The baseline predictors of poor virologic response (<0.5 log decrease in plasma virus load) were examined in two 1996 pilot trials of combination nucleoside-analogue therapy. One trial examined the addition of hydroxyurea to didanosine therapy; the other examined stavudine-lamivudine in combination. In both, predictors of virologic response included the presence of mutations associated with zidovudine resistance. For hydroxyurea, the odds ratio (OR) of failure to achieve a short-term (4 weeks) virologie response in a bivariate logistic regression model was 30.8 (95% confidence interval [CI], 1.75–543; P = .02) for use of lower dose hydroxyurea (500 mg/day) and 14.7 (95% CI, 1.1–200; P = .04) for the presence of a zidovudine-related mutation. For the stavudine-lamivudine study, the OR of failure to achieve a virologie response at 4 weeks in a multivariate logistic regression model was 23 (95% CI, 2.7–199; P = .004) for the presence of a mutation at codon 215.
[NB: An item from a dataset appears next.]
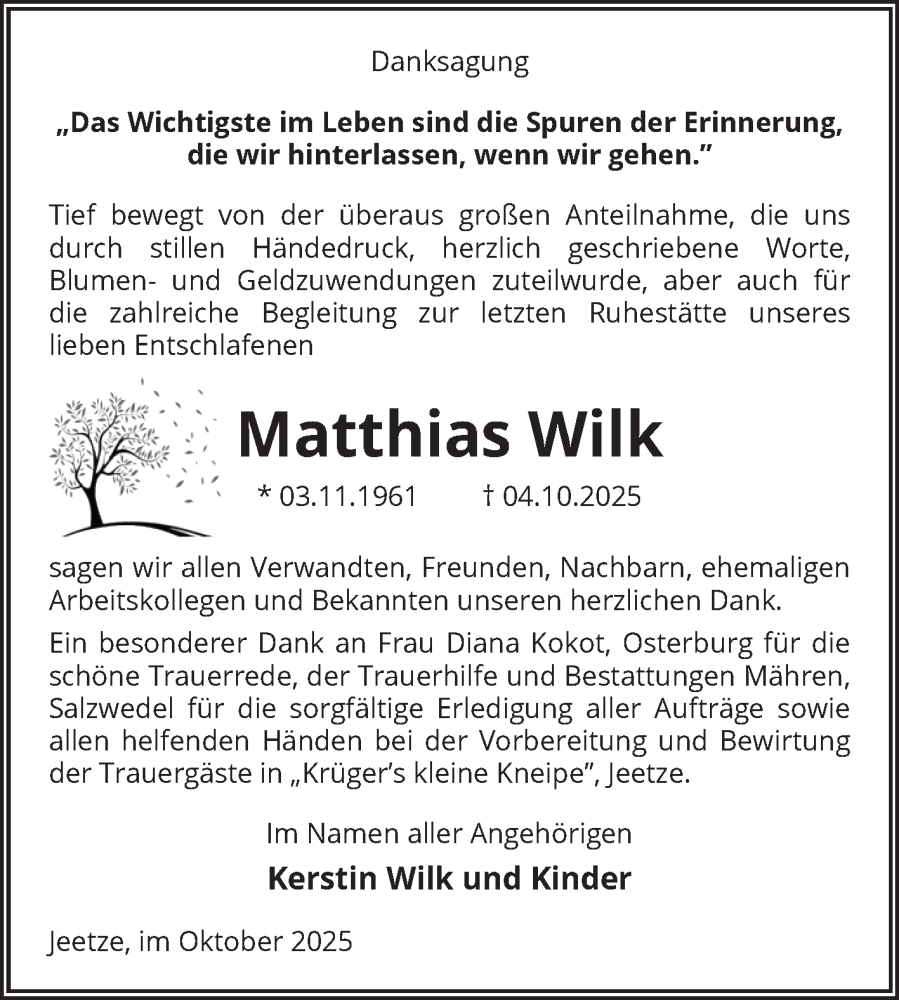 Hier finden Sie alle Traueranzeigen aus der Zeitung, die bisher für Matthias Wilk erschienen sind. Weitere Traueranzeigen, die in der Zeitung erscheinen, werden hier ebenfalls aufgelistet

We previously reported results of two pilot studies designed to determine the short-term effect of hydroxyurea as an adjunct to didanosine monotherapy [1] and of stavudine-lamivudine combination therapy [2] in patients who were zidovudine intolerant or who no longer benefited from zidovudine therapy. Since prior exposure to nucleoside analogues may have minimized therapeutic effectiveness of these treatments, we wished to assess whether preexisting nucleoside-analogue resistance or other baseline parameters could account for the lack of virologie response to therapy in many persons in these pilot studies.
As reported elsewhere [1], human immunodeficiency virus (HIV)-mfected persons with 100–350 CD4 cells and a minimum of 3 months of continuous didanosine therapy (n = 26) were enrolled in a 12-week open-label study to determine the antiviral effect of two doses of hydroxyurea as an adjunct to didanosine monotherapy. Eligible persons received didanosine monotherapy for the initial 4 weeks of the study (baseline phase) and then were randomly allocated to receive either 500 or 1000 mg/day of hydroxyurea plus continued didanosine for the next 4 weeks (hydroxyurea phase), followed by a return to didanosine monotherapy (washout phase). Plasma virus load (PVL) was measured weekly by Amplicor HIV-1 Monitor Assay (Roche Molecular Systems, Mississauga, Canada).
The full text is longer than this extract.